PROMPT: Print the records below exactly, starting at the first line and stopping after the line that contains "据解说员介绍,这组照片是当地". Leave out any pictures.

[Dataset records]
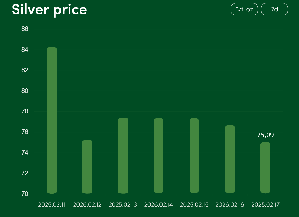 The global silver price fell by more than 10.9% between February 11 and February 17, reaching USD 75.09 per troy ounce. The average silver price in February stands at USD 82.33 per troy ounce.
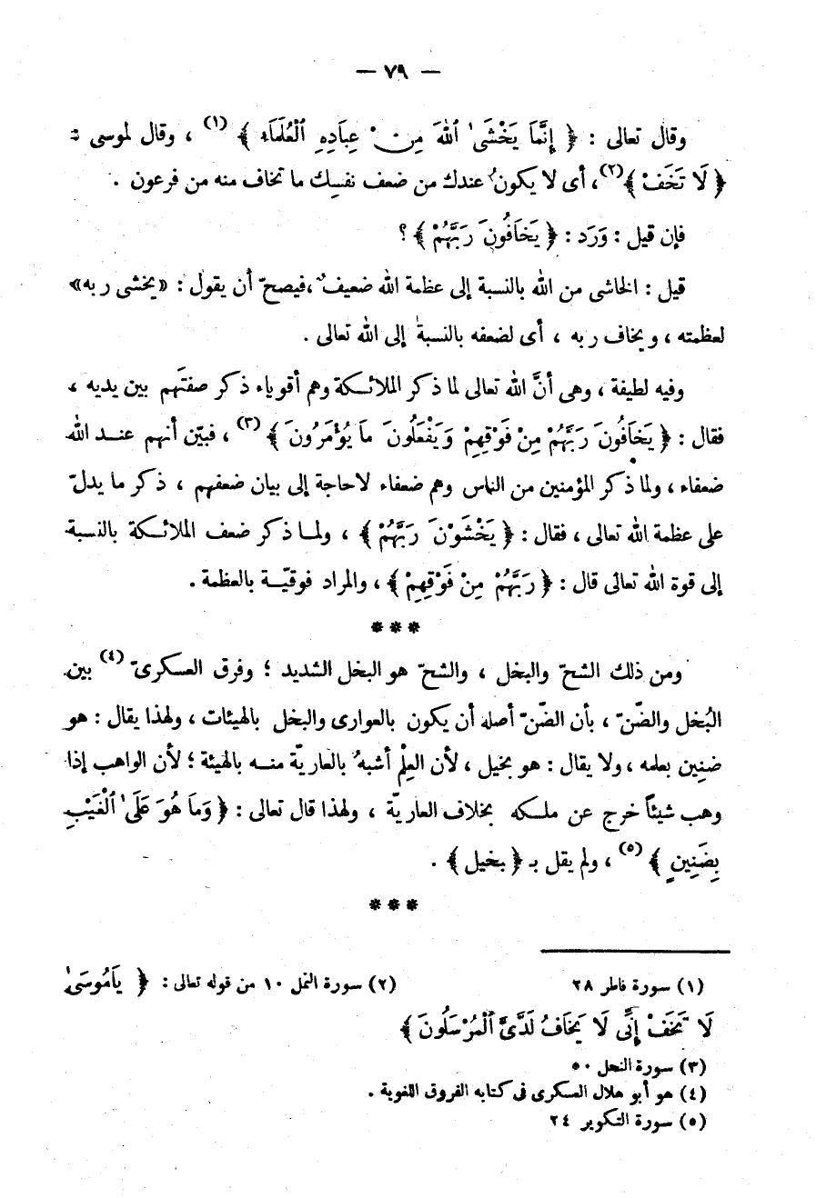 وَقَالَ تَعَالَى {إِنَّمَا يَخْشَى اللَّهَ مِنْ عِبَادِهِ العلماء} وقال لموسى {لا تخف} أَيْ لَا يَكُونُ عِنْدَكَ مِنْ ضَعْفِ نَفْسِكِ ما تخاف منه من فِرْعَوْنَ
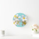 Horloge Ronde Plumeria blanche hawaïenne bleu fleur
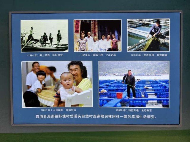 据解说员介绍,这组照片是当地记者每隔几年到霞浦县溪南镇虾塘村连家船民林阿柱家拍摄的。中青报·中青网记者田宏炜/摄
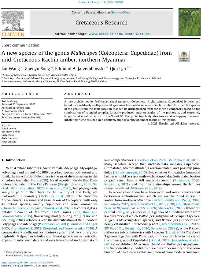 吕奇奇、宋振宇两位老师共同指导下,在地球科学与古生物学领域期刊《Cretaceous Research》上发表题为“A new species of the genusMallecupes(Coleoptera: Cupedidae) from mid-Cretaceous Kachin amber, northern Myanmar”的研究论文。
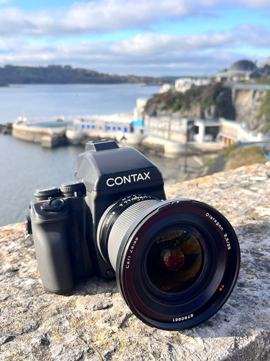 Taking the Contax 645 out for a walk through Plymouth is an experience that immediately reminds you this is no ordinary camera. Paired with the Carl Zeiss Distagon T* 35mm f3.5 super wide lens and the prism finder, it felt every bit of the professional medium format system it was designed to be....
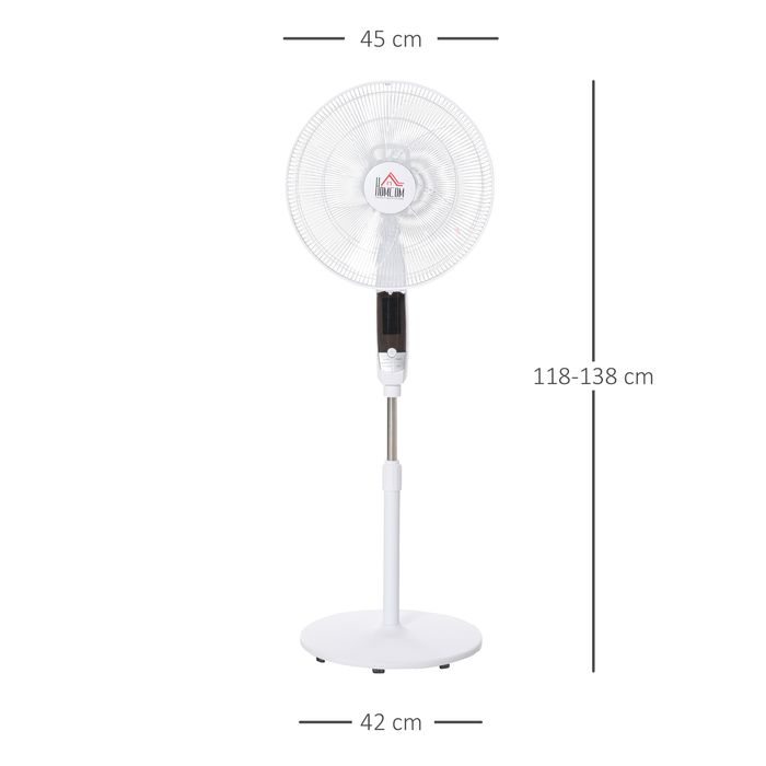 Standventilator 138 cm Ventilator mit 5h Timer Fernbedienung höhenverstellbarer Lüfter mit 3 Geschwindigkeitsstufen Stahl Weiss

EXERCISE RESULT:
 The global silver price fell by more than 10.9% between February 11 and February 17, reaching USD 75.09 per troy ounce. The average silver price in February stands at USD 82.33 per troy ounce.
 وَقَالَ تَعَالَى {إِنَّمَا يَخْشَى اللَّهَ مِنْ عِبَادِهِ العلماء} وقال لموسى {لا تخف} أَيْ لَا يَكُونُ عِنْدَكَ مِنْ ضَعْفِ نَفْسِكِ ما تخاف منه من فِرْعَوْنَ
 Horloge Ronde Plumeria blanche hawaïenne bleu fleur
 据解说员介绍,这组照片是当地记者每隔几年到霞浦县溪南镇虾塘村连家船民林阿柱家拍摄的。中青报·中青网记者田宏炜/摄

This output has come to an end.